Kayaking calories by weight & duration

Body weight15 min30 min45 min60 min
125 lb71142213283
150 lb85170255340
175 lb99198298397
200 lb113227340454
225 lb128255383510

The ~352 calories per hour figure is a MET-based estimate for someone weighing approximately 155 lbs at a moderate effort level, so your actual burn will differ based on your weight, fitness, and how hard you're paddling. Log your kayaking sessions in the Mariposas app to track how your numbers accumulate over time.

Calculated as MET (5) × body weight (kg) × hours. How this works.

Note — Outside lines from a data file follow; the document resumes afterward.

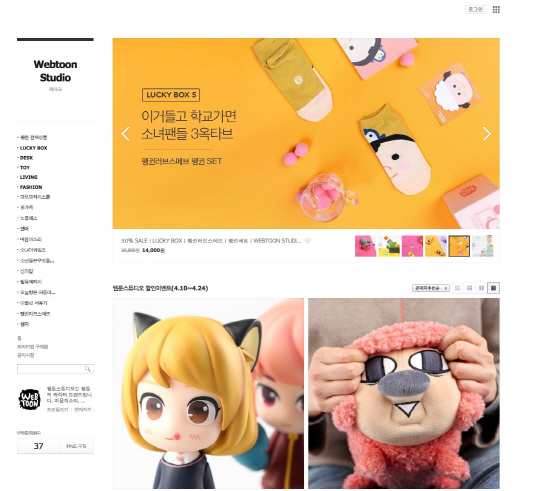 네이버 웹툰&웹소설CIC(대표 김준구)가 12일 웹툰 캐릭터 상품을 판매하는 '웹툰 스튜디오' 온라인숍(http://storefarm.naver.com/webtoonstudio)을 오픈했다고 밝혔다. 네이버 측은 "웹툰 캐릭터 상품을 구매하고 싶어도 두 곳뿐인 오프라인 매장에 방문하기 어려워 구매하지 못했던 사람들을 위해온라인숍을 오픈했다"고 밝혔다.
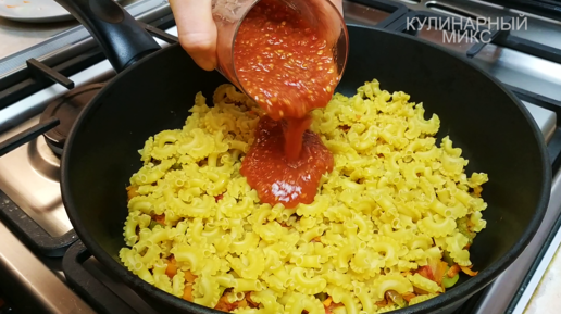 Просто к овощам добавляю макароны, заливаю томатным соком и готовлю 20 минут на сковороде (ну очень интересный и быстрый рецепт, делюсь)
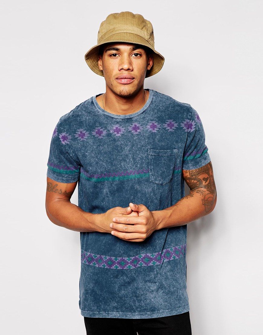 • ASOS - T-shirt délavé à l'acide avec rayures aztèques - Bleu marine
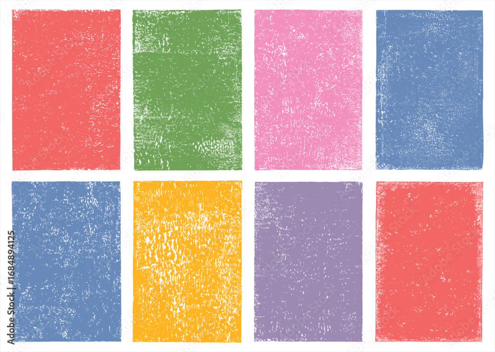 Obraz na płótnie Canvas - Grunge distressed rectangles 2:3 set. Linocut, relief printing textured shapes rough textures. Retro vintage backgrounds collection, text frames. Paint roller aged stains, lino ink grungy remains.

What to expect in a kayaking class

A first session on the water usually starts on shore or in shallow, calm water, where an instructor walks you through the basic forward stroke, how to hold the paddle without death-gripping it, and how to use your torso rotation rather than pulling purely with your arms. You'll spend the first 20 minutes or so just getting the boat to go straight, which is harder than it sounds and immediately reveals which side of your body is dominant. Once you find a rhythm, paddling feels meditative, but your shoulders and obliques will remind you the next morning that it was real work. Expect a pace that fluctuates: slow technical sections followed by longer steady-state paddling across open water.

Tips for your first kayaking class

  • Hold the paddle so your hands are roughly shoulder-width apart and keep a loose grip. Squeezing too hard fatigues your forearms within 15 minutes and leads to sloppy stroke technique by the second half of your session.
  • Focus on rotating your whole torso with each stroke rather than just pulling your arm back. Think of your top hand pushing forward as much as your bottom hand pulls, and you'll get far more power with far less shoulder fatigue.
  • Dress for the water temperature, not the air temperature. Falling in during a first session is common, and water that feels refreshing from a dock feels serious once you're soaked in it.
  • If the boat feels tippy, lower your center of gravity mentally: relax your hips, let the hull move slightly under you rather than fighting it with a rigid torso. Stiffening up is the main reason beginners capsize on calm water.

What affects how many calories kayaking burns

The 352 calorie figure applies to a 155 lb person paddling at a moderate recreational pace, and the number scales meaningfully with both body weight and how hard you're actually pushing. A heavier paddler burns more per hour at the same effort, and anyone picking up the pace against wind, fighting a current, or doing sprint intervals across a bay will push the burn noticeably higher. Calm flat water at a leisurely cruise sits at the lower end of that range; open-water crossings with chop and headwinds sit at the higher end.

Three things move your number most: body weight (a heavier body burns more for the same activity, that's why the table runs from 125 to 225 lb), duration (calories scale with time), and intensity. A kayaking you push hard burns more than an easy one, because effort is what the MET value of 5 represents, an average for this activity. Your fitness level and how much you rest between efforts shift it too, so treat these as a solid estimate rather than an exact count.

How we calculate kayaking calories

Every number here uses the standard energy-expenditure formula: calories ≈ MET × body weight (kg) × time (hours). The MET value of 5 for kayaking comes from the published Compendium of Physical Activities, the same reference researchers and fitness trackers use. We convert your weight to kilograms and multiply through, no fudge factors. See our methodology for the full formula and sources.

⚕️ A general-information estimate from population-level formulas, a starting point, not a precise measurement and not medical advice.